Assigned task: Restate every line below word for word, but drop each picture.

Given data:
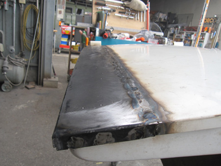 溶接してから面をサンダーで削ると熱でパネルは歪んでしまいます・・・。
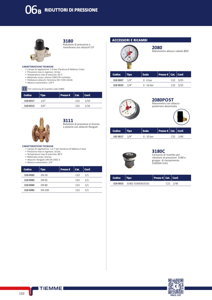 Campo di regolazione: 1-6 bar (Taratura di fabbrica 3 bar)
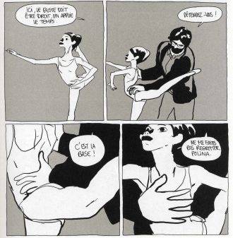Es cierto que la figura paternal y maternal juegan su rol en esta novela gráfica, pero en palabras de Carl Rogers, el verdadero aprendizaje surge en un ambiente de confianza y respeto mutuo, y esa es la dinámica continua entre ellos dos. ¿Bojinski maltrata psicológicamente a Polina? Es debatible, depende mucho de tu visión de la realidad, de tu edad o de tu género para determinar tu respuesta, pero si de algo no hay dudas es que el respeto y el cariño profesional entre ellos empapa a toda la obra. Los conflictos entre ellos van a estar presentes, como lo están en cualquier relación con tanta intimidad como cualquiera que te haga progresar, y el punto de quiebre que nos pone el autor se encuentra cuando Polina se enfrenta a un momento bisagra: seguir el camino marcado por su maestro de toda la vida, o encontrar su propio estilo, su propia forma de expresarse, su propia voz artística.
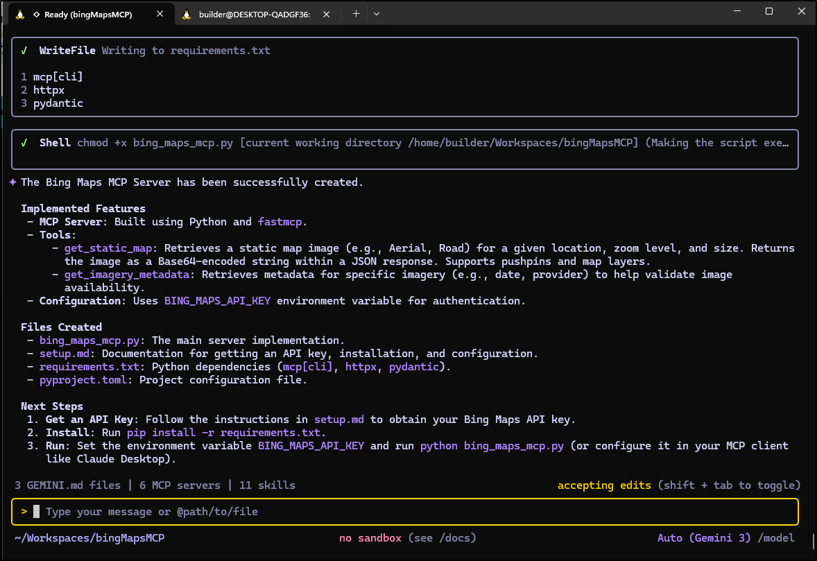 (venv) builder@LuiGi:~/Workspaces/bingMapsMCP$ gemini mcp add \

Reply to the task:
 溶接してから面をサンダーで削ると熱でパネルは歪んでしまいます・・・。
 Campo di regolazione: 1-6 bar (Taratura di fabbrica 3 bar)
Es cierto que la figura paternal y maternal juegan su rol en esta novela gráfica, pero en palabras de Carl Rogers, el verdadero aprendizaje surge en un ambiente de confianza y respeto mutuo, y esa es la dinámica continua entre ellos dos. ¿Bojinski maltrata psicológicamente a Polina? Es debatible, depende mucho de tu visión de la realidad, de tu edad o de tu género para determinar tu respuesta, pero si de algo no hay dudas es que el respeto y el cariño profesional entre ellos empapa a toda la obra. Los conflictos entre ellos van a estar presentes, como lo están en cualquier relación con tanta intimidad como cualquiera que te haga progresar, y el punto de quiebre que nos pone el autor se encuentra cuando Polina se enfrenta a un momento bisagra: seguir el camino marcado por su maestro de toda la vida, o encontrar su propio estilo, su propia forma de expresarse, su propia voz artística.
 (venv) builder@LuiGi:~/Workspaces/bingMapsMCP$ gemini mcp add \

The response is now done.